Que dire aujourd’hui durant ce nouveau confinement ?
Il est comme ailleurs plus léger que le premier (l'Italie reste au travail) , mais la situation reste lourde et pénible. Elle est partagée par toute l’Europe (Sud, Nord et Est) et pratiquement le reste du monde : Il n’y a plus de spécificités italiennes.
L’amélioration est réelle mais progressive : il nous faudra attendre quelques semaines pour nous rassurer plus sérieusement. Force est cependant de constater qu’en Italie comme en France des mesures de confinement respectées apportent des résultats.
Comme partout l’ambiance est morose devant cette situation qui perdure. La compréhension que cela va durer et que le retour à la normale n’est pas pour demain matin, est probablement l’élément le plus pénible : il faut accepter, s’adapter et pratiquement hiberner pour quelques mois encore. On ne chante plus et les mouvements de solidarité avec les personnels médicaux sont de plus en plus réduits… puisqu’on ne veut plus entendre parler de ce drame en cours. Une certaine tension est palpable ici également.
Nouveauté, cette fois-ci, c’est l’Italie qui est entrée en 2nde vague avec retard ( 15 jours) et a cette fois regardé avec hauteur la France qui s’enfonçait … alors que les mêmes causes y ont produit ensuite les mêmes effets : un relâchement pendant la période de vacances a ravivé la contagion…. Le retard italien est probablement dû à des vacances françaises plutôt situées entre mi-juillet et mi-août, alors que les italiens culminent les leurs le 15 août et ont une rentrée scolaire plus tardive.
Comme ailleurs, la pandémie a cette fois couvert le pays dans sa totalité et plutôt épargné les zones antérieurement très touchées : pression forte sur Sud de l’Italie, Piemonte, provinces de Como, Varese, Monza et Milano en Lombardie. Les provinces de Bergame, Brescia, Lodi, … sont relativement épargnées en raison probablement de l’effet combiné d’une prudence supérieure et peut-être d’une autoprotection après la 1ere vague.
Habitant la Lombardie, une région qui a durement subi la Covid-19 avec plus de 20.000 décès – soit 40 % des chiffres italiens - pour une population à peine supérieure à 10 millions d’habitants (chiffres terribles, supérieurs à ceux de la Belgique considérée recordman d’Europe), il reste intéressant de faire un point de la situation, rappelant qu’il s’agit d’une des régions les plus dynamiques, riches et modernes d’Europe. Contrairement à la France centralisatrice, la Région Lombarde a une certaine autonomie, en particulier sur la Santé dont elle a la responsabilité. Nous y sommes également dans un monde de PMI et TPI, où l’attente envers l’État est plus faible que chez nous.
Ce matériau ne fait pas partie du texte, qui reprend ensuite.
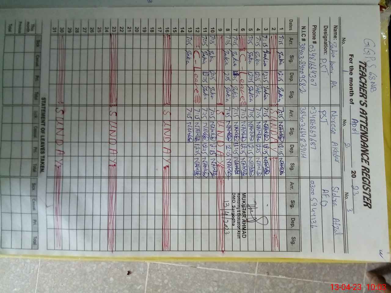 | Name: Za**** Ka**** Al**** Designation: (School Headmaster's/Headmistress's) PST Phone/Cell Number: 03**** |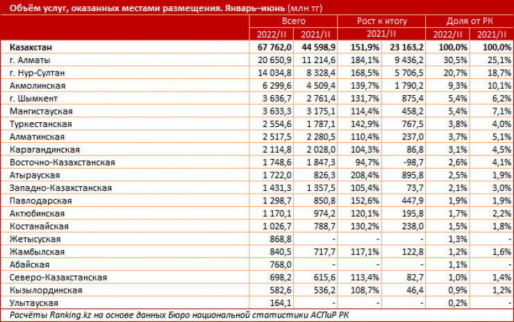 По итогам первого полугодия 2022 года объем услуг, оказанных гостиницами, отелями и другими местами размещения в Казахстане, составил 67,8 миллиарда тенге - на 51,9 процента больше в стоимостном выражении, чем годом ранее, передает Tengritravel.kz со ссылкой на Ranking.kz.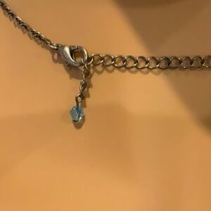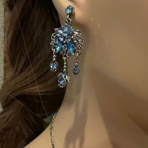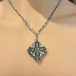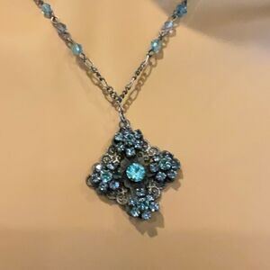 Vintage baby blue rhinestone pendant with beaded silver tone costume necklace with baby blue chandelier earrings to match. I can’t see a marking but my eyes are not great. I have had this in my jewelry box for over 20 years. Great used condition. Gorgeous vintage Victorian style set that would accent any outfit.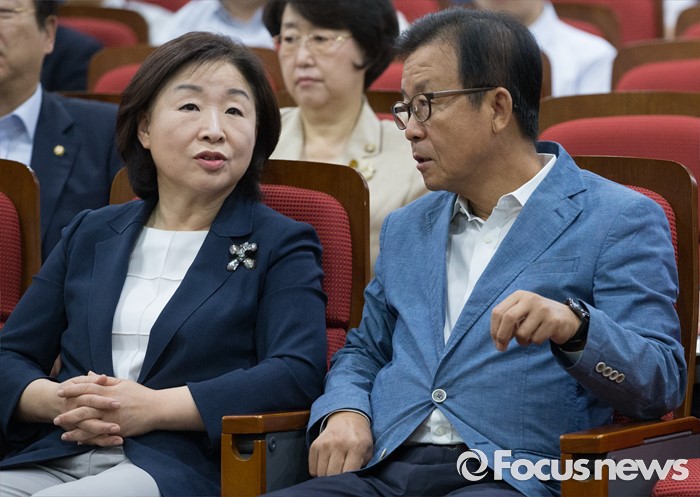 (서울=포커스뉴스) 21일 오전 서울 여의도 국회 의원회관에서 열린 퓨처라이프포럼 2기 출범식 및 세미나에 참석한 원혜영(오른쪽) 더불어민주당 의원과 심상정 정의당 상임대표가 대화하고 있다.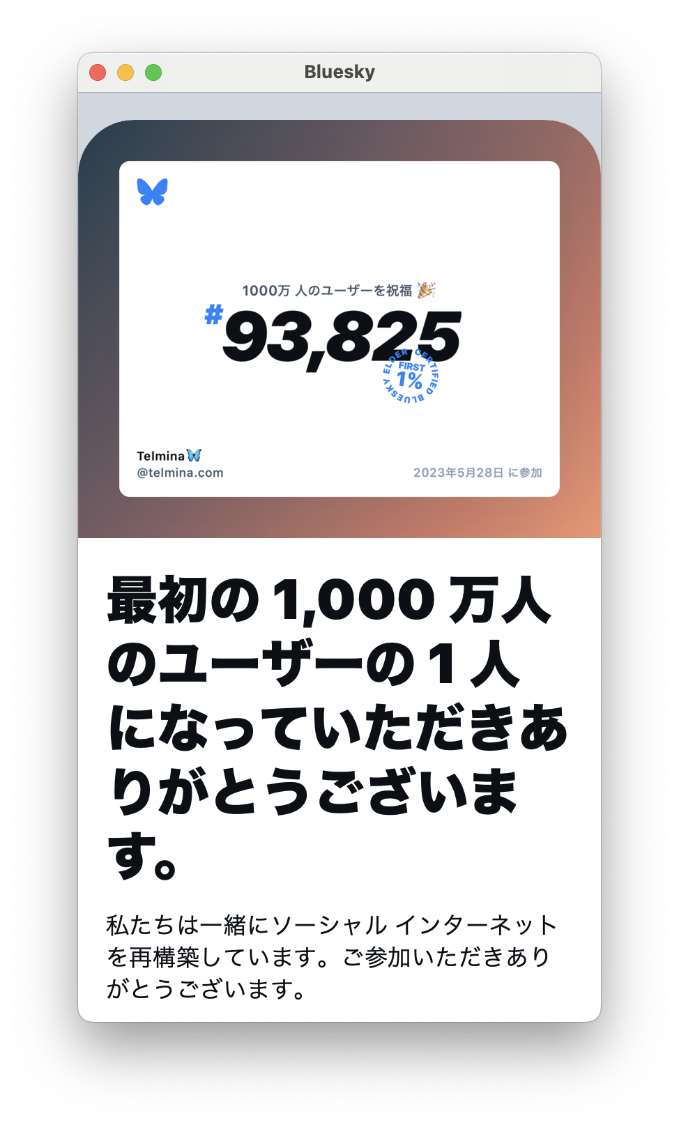 私はあくまでBlueskyのライトユーザーに過ぎません。とはいえ、一応2アカウントとも、初期10万アカウントのうちのひとつには含まれているようです。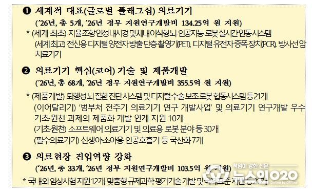 (뉴스인020 = 김나현 기자) 과학기술정보통신부, 산업통상부, 보건복지부, 식품의약품안전처는 2026년 1차 연도 신규 과제 공고와 사업설명회 개최를 통해 ‘범부처 첨단 의료기기 연구개발 사업’을 본격 추진한다고 밝혔다.

Je me contenterai de quelques remarques issues de la confrontation entre nos deux pays :
- Le monde médical a souffert et en sortira physiquement et moralement épuisé et transformé. Il a sans doute redécouvert la partie humaine et parfois tragique de sa fonction (non la médecine n’est pas uniquement technique). Il faudra des deux côtés repenser beaucoup de choses dans l’organisation et la formation. Ceci concernera en particulier le rôle fondamental de la médecine de base (médecins généralistes) et la relation indispensable entre secteurs publics et privés. Notons que la régionalisation de la Santé a amené de fortes disparités en Italie (succès du Veneto et de l’Emilia-Romagna pourtant gérés par des partis opposés, inefficacité notoire de la Lombardie) en particulier sur organisation médecine de base et rôle du public. Notons que la régionalisation a permis au cœur de la crise des accords de terrain rapides et efficaces entre hôpitaux publics et privés (transferts provisoires de responsabilités et personnels).
- Dans nos deux pays, la Science a présenté deux aspects distincts. Le premier est sa réactivité qui a permis de lancer dans des temps record de nouveaux vaccins, mais aussi la mise au point de traitements plus efficaces combinant cortisone, anticoagulants, oxygène, … réduisant sensiblement le taux de mortalité. Elle en sort grandie. Le second est plus troublant avec partout l’apparition de nouvelles vedettes médiatiques intervenant à tous vents et annonçant tout et son contraire (que n’avons-nous pas entendu cet été sur la fin du virus !). Nous avons tous bien compris que la situation était peu claire et que personne n’avait l’explication ou réponse miracle : sérieux, prudence, clarté et pragmatisme sont là aussi des vertus.
- Dans nos deux pays, les hommes et femmes politiques au pouvoir (État, Régions, Communes, …) ont sans doute traversé la période la plus difficile de leur vie publique. Ils en sortiront usés et marqués, et n’auront sans doute pas la reconnaissance de leurs administrés. Que de décisions difficiles à prendre et endosser sur des thèmes inédits, alors que les oppositions – où qu’elles soient – n’ont pas eu ces angoisses et ont souvent pratiqué la critique facile et systématique – souvent contradictoires - de toutes les décisions douloureuses pour s’assurer la sympathie de catégories souffrant, même si cela allait contre l’intérêt général évident. Intéressant de voir les réactions de certains politiques locaux, demandant des actions fortes, mais ne souhaitant pas les assumer en faisant semblant de subir des décisions nationales dures qu’ils sollicitaient quelques jours auparavant. On peut logiquement se demander ce qu’aurait fait une grande formation populiste au pouvoir en Lombardie si elle avait été au pouvoir au plan national.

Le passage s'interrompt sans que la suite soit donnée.